Based purely on these results, I’ll probably keep Argo for a while and see how it goes. I’m quite happy to pay for faster speeds, even if those speeds are marginal in most cases, perhaps I’m crazy. I think the price is pretty fair, it’s not a huge barrier to entry so if you test it out be sure to let me know the speed differences that you see with Argo.

Summary

This was by no means an in depth and conclusive test, but I believe the quick and dirty Argo benchmark results have shown that Argo does have something to offer in terms of speeding up your website further. I think it’s an interesting offering to the Cloudflare stack and I’m interested to see what they bring out next.

Leave a comment ?

15 Comments.

  1. Interesting. Would be interesting to compare these with the baseline performance (without CloudFlare).

  2. Nice!! Thanks for this! I was just wondering about how big the difference would be. Can you update this post a month from now with cost? I guess it can be calculated/projected though.

    Thanks again.

    • No problem, sure thing! I have a good idea of the estimate for my site, but it will vary based on your bandwidth. I’ll update the post after my first month with the information.

  3. Nice! Please let us know about your costs in 1-2 months. Thank you!

  4. Looking at your waterfall reports…can you see where the time is being improved from? I’m curious to know if ARGO improves your TTFB.

    • I’d be really interested to know the answer to this too as it could improve Google PageSpeed Insights scores

  5. We’re in the US and do business exclusively with US customers. So the Sweden and Australia results are less important for us. For the US results, I’m not sure I want to pay for a .135s decrease in load time. I don’t think that’s even a perceptible difference for the avg user. If it were a decrease of 1 second, then I’d maybe reconsider.

    • this fellow said that he was Based in Australia, and the results from Australia are fantastic. So assumedly if he were based in the US it would be similar to the results in Australia. At least that is how I read it.

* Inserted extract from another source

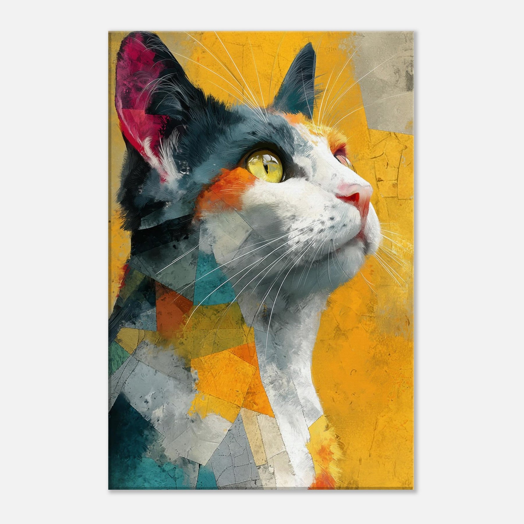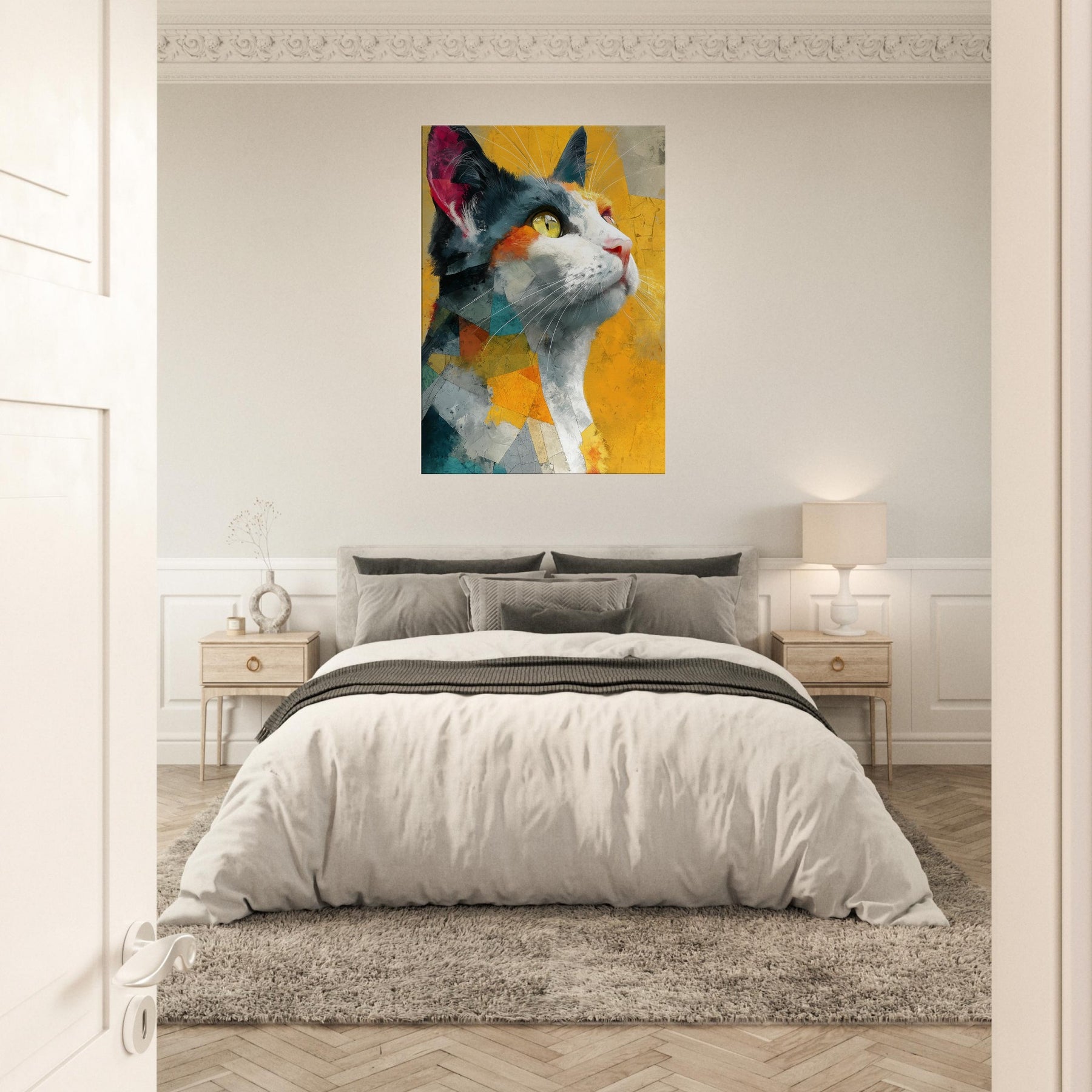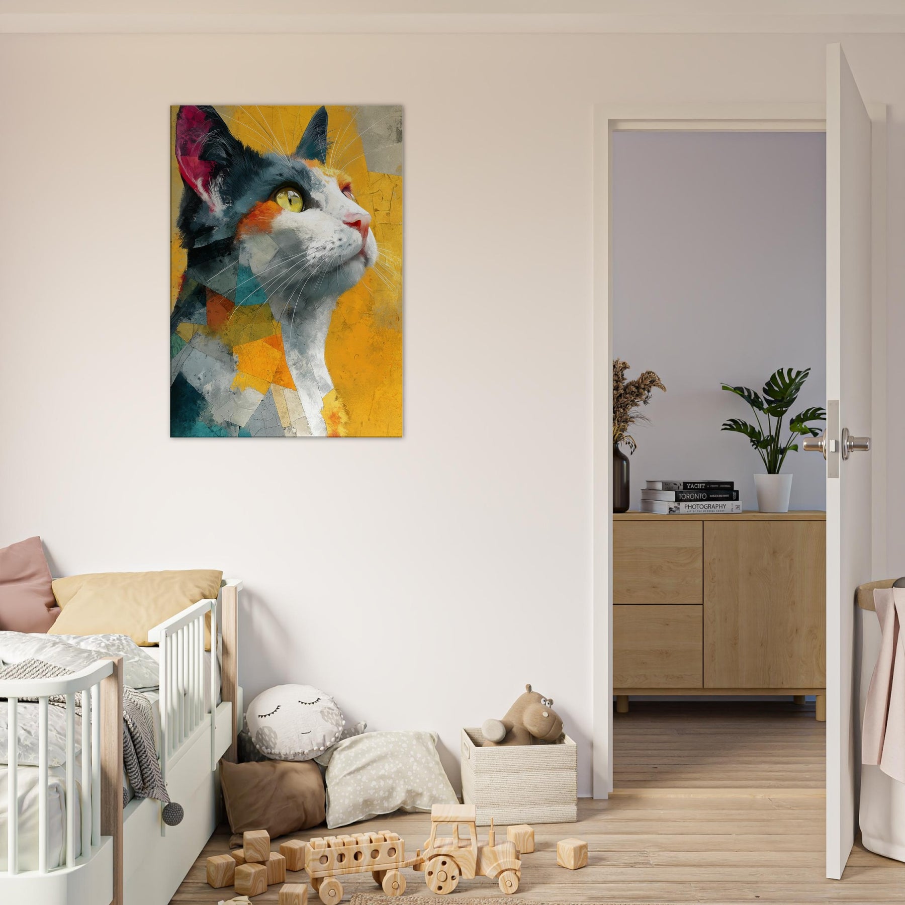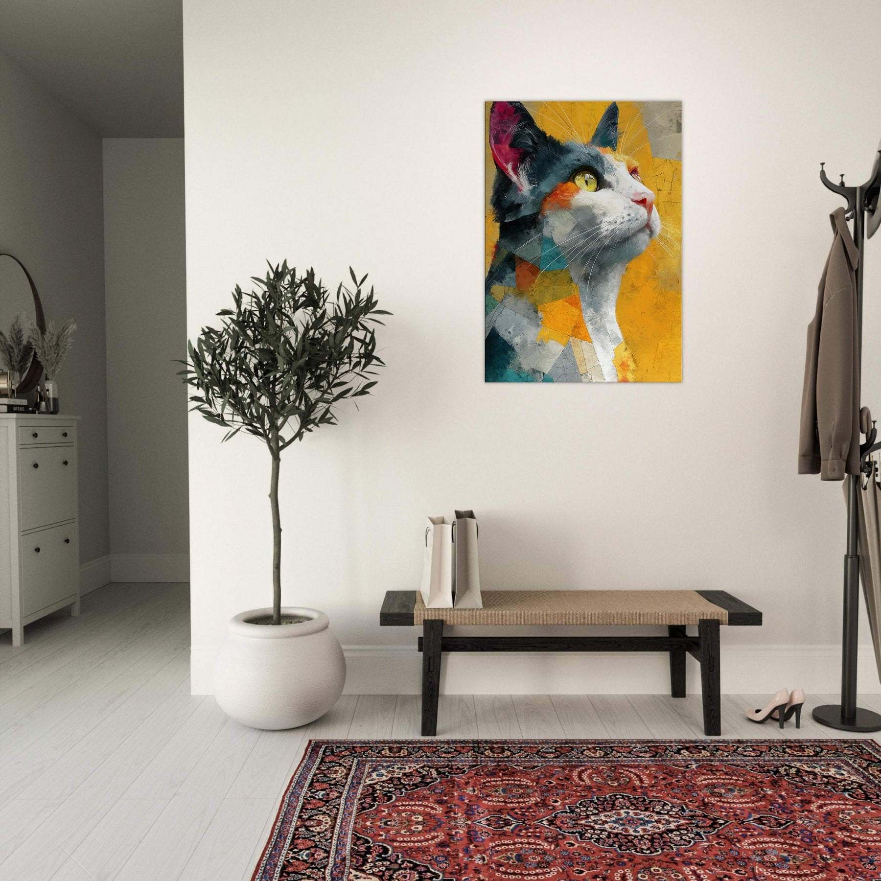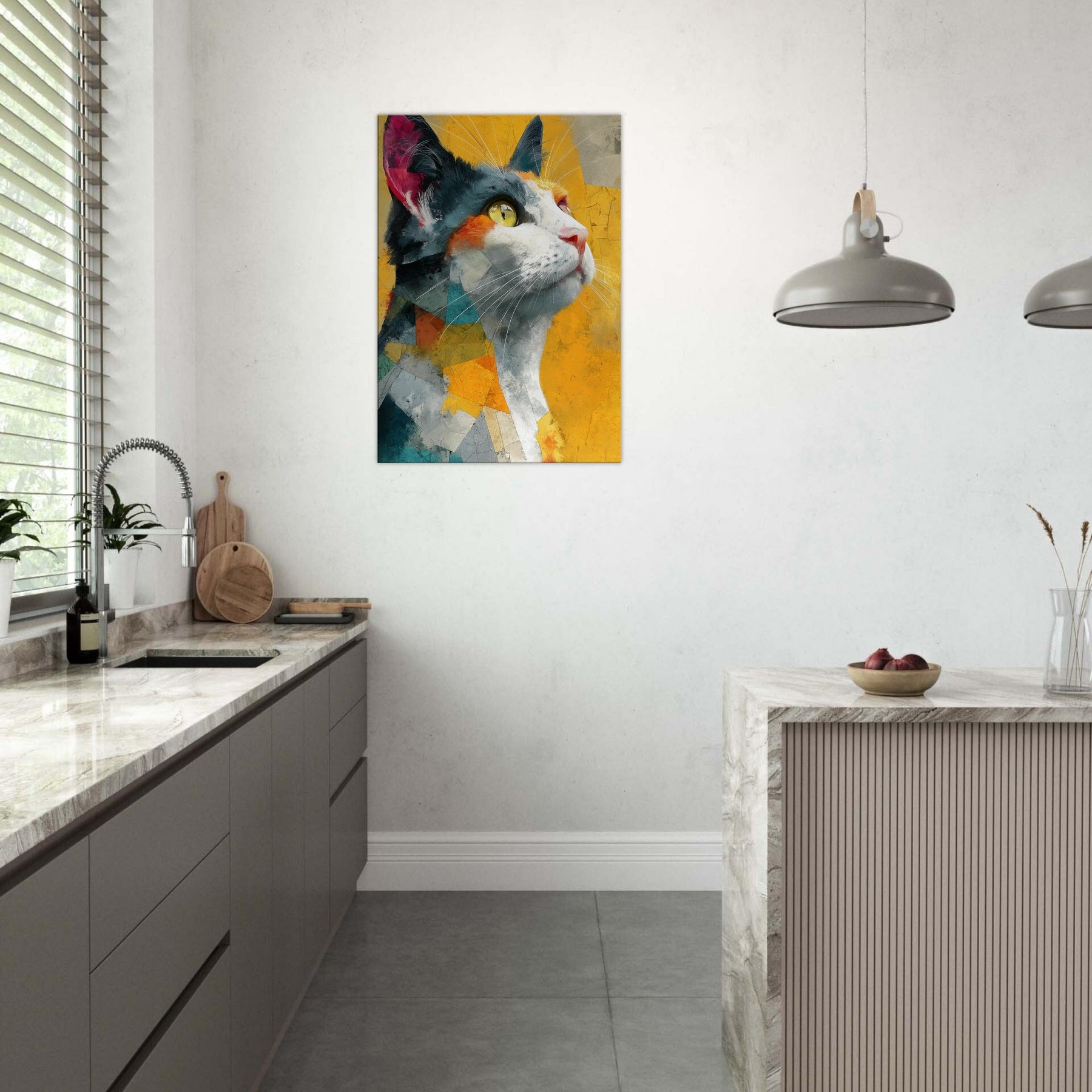 Against a sun washed yellow backdrop, this Cat becomes a dance of light and texture. The painterly shards scatter across the neck and chest, like sunlit mosaic, while delicate whiskers arc free in the air. The gaze is bright and curious, inviting quiet moments of wonder. In a living room, this piece radiates warmth, capturing a playful yet serene energy that softens corners and sparks conversation. A striking fusion of form and color, it makes a space feel larger, more intimate, and endlessly inviting.

      • I’m not sure that’s the case, although I personally am in Australia, I used a third party service (pingdom) which tested from different countries, one of which happened to be Australia. So the same thing should happen with the US test for instance, eg the US pingdom server would have gone to a US Cloudflare PoP in the same manner. Australia does have pretty bad network infrastructure though, so it’s not too surprising that there is more of a difference here.

  6. do I need this if my site already using CDN services such as maxcdn?

    • You’d likely be using those services rather than Cloudflare itself, this is just an extra on top of Cloudflare that it offers. I am not sure what other providers offer a similar service of using their own network in this manner, I’ve heard of some before.

  7. i will buy it today, thanks for sharing ur experience Jarrod.

  8. Curious to know if you are still running Argo and what your thoughts are at this point?

    • I stopped it a couple of months ago, it could be more worthwhile for a larger site that sells product where you need maximum speed, but for my blog it didn’t seem worth spending extra for long term.